▶ TASK DIRECTIONS: Tally every line in the entries below that holds "with", then give only the total.

Data excerpts
........

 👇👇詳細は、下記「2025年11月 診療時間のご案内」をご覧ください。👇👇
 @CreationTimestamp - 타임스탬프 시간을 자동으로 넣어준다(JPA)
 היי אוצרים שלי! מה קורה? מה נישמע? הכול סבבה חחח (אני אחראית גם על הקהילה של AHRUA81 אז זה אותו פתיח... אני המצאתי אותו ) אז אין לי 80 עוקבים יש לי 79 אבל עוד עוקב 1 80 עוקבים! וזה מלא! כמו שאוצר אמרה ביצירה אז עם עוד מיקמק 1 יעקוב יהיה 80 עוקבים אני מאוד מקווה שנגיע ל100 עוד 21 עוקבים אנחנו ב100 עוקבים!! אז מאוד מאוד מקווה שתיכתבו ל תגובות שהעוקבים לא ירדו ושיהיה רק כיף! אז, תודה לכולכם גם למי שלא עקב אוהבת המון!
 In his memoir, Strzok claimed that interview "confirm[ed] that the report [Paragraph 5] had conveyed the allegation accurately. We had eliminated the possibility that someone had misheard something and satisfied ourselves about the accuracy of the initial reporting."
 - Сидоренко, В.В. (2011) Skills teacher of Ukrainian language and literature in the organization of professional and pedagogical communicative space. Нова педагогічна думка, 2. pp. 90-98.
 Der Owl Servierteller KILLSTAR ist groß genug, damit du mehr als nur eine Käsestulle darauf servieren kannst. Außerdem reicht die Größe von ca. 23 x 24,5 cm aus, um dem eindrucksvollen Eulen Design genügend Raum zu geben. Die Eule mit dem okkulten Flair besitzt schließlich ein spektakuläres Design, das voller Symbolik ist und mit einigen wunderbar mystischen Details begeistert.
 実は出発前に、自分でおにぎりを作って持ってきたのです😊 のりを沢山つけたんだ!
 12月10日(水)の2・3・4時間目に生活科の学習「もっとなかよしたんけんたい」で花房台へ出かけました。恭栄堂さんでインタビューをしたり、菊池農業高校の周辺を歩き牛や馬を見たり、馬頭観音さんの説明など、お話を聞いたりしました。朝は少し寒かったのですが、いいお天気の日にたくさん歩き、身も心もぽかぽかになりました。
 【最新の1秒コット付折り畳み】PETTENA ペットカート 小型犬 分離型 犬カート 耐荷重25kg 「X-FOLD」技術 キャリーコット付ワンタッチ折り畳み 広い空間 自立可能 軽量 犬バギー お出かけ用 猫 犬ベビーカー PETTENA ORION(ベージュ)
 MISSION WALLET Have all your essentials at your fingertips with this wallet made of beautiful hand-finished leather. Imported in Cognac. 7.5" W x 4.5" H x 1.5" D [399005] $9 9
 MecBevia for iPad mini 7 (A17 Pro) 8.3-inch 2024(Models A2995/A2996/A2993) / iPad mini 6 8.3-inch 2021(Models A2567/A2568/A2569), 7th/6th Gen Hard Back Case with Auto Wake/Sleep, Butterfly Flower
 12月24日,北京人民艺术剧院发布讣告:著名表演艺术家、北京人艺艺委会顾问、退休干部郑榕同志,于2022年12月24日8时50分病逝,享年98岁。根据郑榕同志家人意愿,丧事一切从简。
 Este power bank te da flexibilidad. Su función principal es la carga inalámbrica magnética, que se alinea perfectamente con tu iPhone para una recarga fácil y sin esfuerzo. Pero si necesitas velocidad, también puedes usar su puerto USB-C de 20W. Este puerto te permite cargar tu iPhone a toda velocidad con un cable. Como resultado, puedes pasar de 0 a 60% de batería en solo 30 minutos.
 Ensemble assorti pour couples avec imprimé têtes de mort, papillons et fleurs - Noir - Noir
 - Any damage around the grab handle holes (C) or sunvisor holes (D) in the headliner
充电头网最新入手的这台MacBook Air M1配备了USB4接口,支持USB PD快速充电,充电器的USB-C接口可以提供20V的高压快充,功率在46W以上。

........

▶ ANSWER AREA: 2